Em caso de acidente, a responsabilidade tende a ser objetiva, especialmente quando configurada atividade de risco ou falha estrutural do ambiente.

Se houver ausência de grades de proteção, tomadas expostas, escadas sem barreira, piscina sem isolamento, alimentos inadequados ou superlotação, o nexo causal se evidencia.

A indenização pode abranger despesas médicas, danos morais, danos estéticos e, em casos de sequelas permanentes, pensão mensal.

O fato de os pais saberem que o serviço era informal não afasta a responsabilidade do prestador.

4. Funcionamento sem alvará e consequências administrativas

A exploração de atividade educacional ou de cuidado coletivo infantil sem autorização pode gerar interdição do local, multa administrativa e comunicação ao Ministério Público.

Órgãos municipais de educação e vigilância sanitária possuem competência para fiscalizar e impedir o funcionamento irregular.

A ausência de licença não é mera irregularidade burocrática; ela indica descumprimento de requisitos mínimos de segurança.

5. Possível responsabilização criminal

Dependendo da gravidade do acidente, pode haver enquadramento penal por lesão corporal culposa, omissão de socorro ou até homicídio culposo.

Se ficar demonstrado que o responsável assumiu atividade para a qual não possuía estrutura mínima ou ignorou riscos evidentes, a negligência pode configurar culpa penal.

A informalidade não protege o prestador; ao contrário, pode agravar a análise da imprudência.

6. Responsabilidade solidária de terceiros

Em determinadas circunstâncias, pode haver responsabilidade compartilhada, como do proprietário do imóvel que autorizou o uso comercial irregular, ou de plataformas digitais que intermediaram o serviço sem qualquer controle mínimo.

A análise dependerá da participação concreta de cada envolvido e do grau de contribuição para o risco criado.

7. A vulnerabilidade da primeira infância

Bebês e crianças de primeira infância exigem vigilância constante e ambiente tecnicamente preparado. Pequenos descuidos podem gerar consequências irreversíveis.

O ordenamento jurídico trata a infância como fase de proteção integral e prioridade absoluta. Qualquer atividade que envolva cuidado coletivo deve observar esse padrão reforçado.

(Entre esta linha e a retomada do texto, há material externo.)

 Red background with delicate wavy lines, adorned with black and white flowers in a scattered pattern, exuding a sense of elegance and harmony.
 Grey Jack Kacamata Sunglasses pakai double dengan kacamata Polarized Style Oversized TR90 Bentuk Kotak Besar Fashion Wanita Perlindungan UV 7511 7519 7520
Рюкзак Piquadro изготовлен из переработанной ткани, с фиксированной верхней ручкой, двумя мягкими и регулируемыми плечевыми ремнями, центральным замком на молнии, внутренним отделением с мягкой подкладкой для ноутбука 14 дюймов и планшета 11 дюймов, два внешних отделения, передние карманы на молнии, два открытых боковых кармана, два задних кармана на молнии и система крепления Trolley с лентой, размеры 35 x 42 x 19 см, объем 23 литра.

A adaptação improvisada de residência para múltiplas crianças, sem adequação técnica, tende a ser vista como criação indevida de risco.

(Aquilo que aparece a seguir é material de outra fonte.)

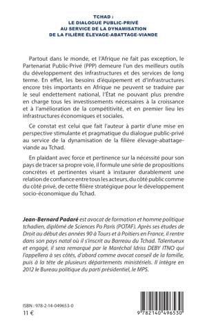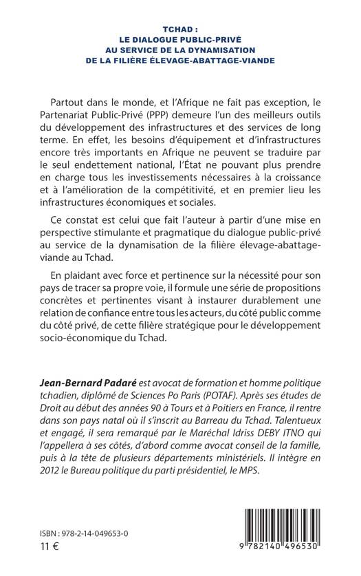 Partout dans le monde, et l'Afrique ne fait pas exception, le Partenariat Public-Privé (PPP) demeure l'un des meilleurs outils du développement des infrastructures et des services de long terme. En effet, les besoins d'équipement et d'infrastructures encore très importants en Afrique ne peuvent se traduire par le seul endettement national, l'État ne pouvant plus prendre en charge tous les investissements nécessaires à la croissance et à l'amélioration de la compétitivité, et en premier lieu les infrastructures économiques et sociales. Ce constat est celui que fait l'auteur à partir d'une mise en perspective stimulante et pragmatique du dialogue public-privé au service de la dynamisation de la filière élevage-abattage-viande au Tchad. En plaidant avec force et pertinence sur la nécessité pour son pays de tracer sa propre voie, il formule une série de propositions concrètes et pertinentes visant à instaurer durablement une relation de confiance entre tous les acteurs, du côté public comme du côté privé, de cette filière stratégique pour le développement socio-économique du Tchad.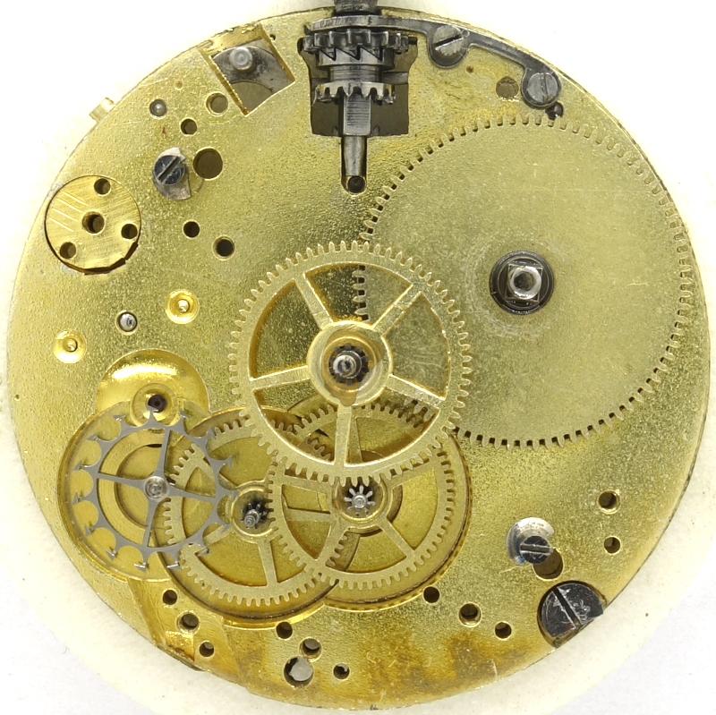 Aus dem Reigen der unendlich vielen Zylinderwerke um 1900, die noch in keinem Werksucher verzeichnet sind, stammt dieses Werk mit einem Durchmesser von 11 1/2 Linien, das ursprünglich in einer Damen-Umhängeuhr verbaut war, bevor diese, wahrscheinlich in den 1920er Jahren, zu einer Damen-Armbanduhr umgebaut wurde.

8. Conclusão: informalidade não reduz responsabilidade — amplia o risco

“Creches domiciliares” informais não estão fora do alcance da lei. Ao contrário, ao oferecer serviço remunerado de cuidado infantil sem autorização e sem estrutura adequada, o responsável assume dever jurídico rigoroso.

Em caso de acidente grave, poderá responder civilmente por indenizações elevadas e, dependendo das circunstâncias, criminalmente por conduta negligente.

A proteção da infância impõe padrão elevado de segurança. Quando a atividade é exercida à margem da regulamentação, o risco jurídico se torna proporcional à vulnerabilidade das crianças envolvidas.